Il ritorno di Donald Trump alla Casa Bianca ha dato un meritato pugno allo stomaco ai fedeli del clima riuniti.
Dopotutto, nulla rovina un buon sermone sulla salvezza planetaria come un parrocchiano che rifiuta di prendere sul serio il vangelo.
Mentre i delegati della COP29 si affrettano a produrre "consenso", la realtà è chiara: la politica climatica globale è sempre stata un castello di carte e l'elezione di Trump è la folata di vento che mette a nudo le sue fragili fondamenta.
Dite quello che volete su Trump, ma almeno lui è coerente. Il suo primo mandato ha fatto a pezzi l'Accordo di Parigi e ha promosso senza scuse l'indipendenza energetica americana, dando priorità al pragmatismo economico rispetto ai nebulosi obiettivi climatici. Ora, con un secondo mandato, i crociati del clima stanno sudando, non a causa del riscaldamento globale, ma perché i loro piani multimiliardari dipendono dalla cooperazione indiscussa degli Stati Uniti.
Lo stesso Accordo di Parigi, salutato come una pietra miliare nella diplomazia climatica, è fondamentalmente inefficace. Anche l'Agenzia Internazionale dell'Energia (AIE) ammette che gli impegni attuali sono ben lontani dagli obiettivi che sostiene siano necessari. Con Trump di nuovo al potere, anche queste promesse inefficaci rischiano di essere ignorate. Siamo onesti: non dovremmo applaudire la chiarezza? Almeno qualcuno è disposto a smascherare il bluff.
Se la vittoria di Trump non è sufficiente a inasprire l'umore a Baku, l'assenza dei principali leader mondiali ha sicuramente fatto il di peggio. Ursula von der Leyen dell'Unione Europea, Lula da Silva per il Brasile e altre figure di spicco sono convenientemente "troppo occupate" per partecipare, lasciando il "coro del clima" senza i suoi solisti di punta.

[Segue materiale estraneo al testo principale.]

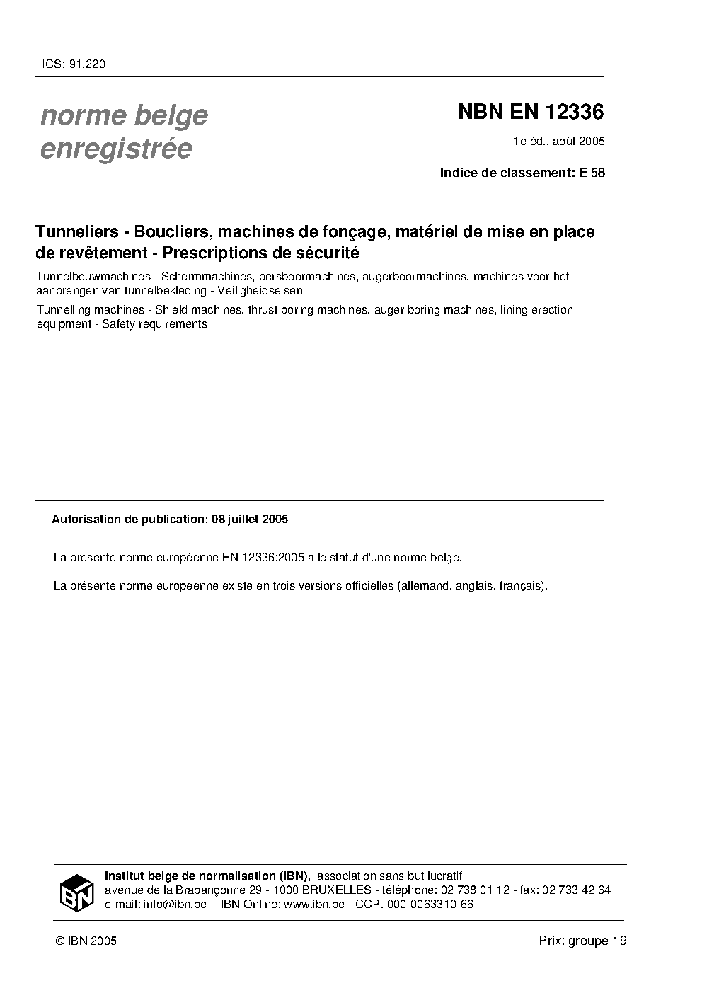| Publisher | Bureau de Normalisation Belge (NBN) |

Questa mancanza di presenze è più di un conflitto di programmazione; è un silenzioso riconoscimento che la routine del vertice sul clima sta perdendo vigore. Decenni di riunioni annuali della COP hanno prodotto ben poco, al di là di comunicati gonfiati e accordi inapplicabili. I veri credenti, naturalmente, emergeranno ancora con proclami di "progresso", ma chiunque presti attenzione sa la verità: le ruote si stanno staccando dal carro...
Uno dei principali punti all'ordine del giorno della COP29 è la proposta di incanalare 1 trilione di dollari all'anno ai paesi in via di sviluppo per l'adattamento e la mitigazione del clima. Come finanziare questo massiccio trasferimento di ricchezza? Le idee spaziano dalla tassazione delle compagnie petrolifere alle tasse sui viaggi aerei e sulle spedizioni.
È una truffa impressionante, ma analizziamola. I paesi in via di sviluppo chiedono risarcimenti per un problema che sostengono di non aver causato, mentre le nazioni ricche promettono denaro che non hanno. Anche se queste tasse si materializzassero (altamente dubbio), i fondi sarebbero probabilmente sperperati in sciocchezze come i parchi solari che smettono di funzionare dopo due anni o le turbine eoliche che non possono sopravvivere a una forte brezza.
Le voci più forti alla COP29 provengono da paesi che si dipingono come vittime delle nazioni industrializzate. Eppure molti di questi stessi paesi stanno raddoppiando i progetti di carbone, petrolio e gas, dimostrando ancora una volta che l'ipocrisia è la vera risorsa rinnovabile. Con Trump che non è disposto a fare il benefattore oppresso dai sensi di colpa, queste nazioni potrebbero dover ripensare la loro strategia o, meglio ancora, concentrarsi su un vero sviluppo invece di inseguire l'elemosina per il clima.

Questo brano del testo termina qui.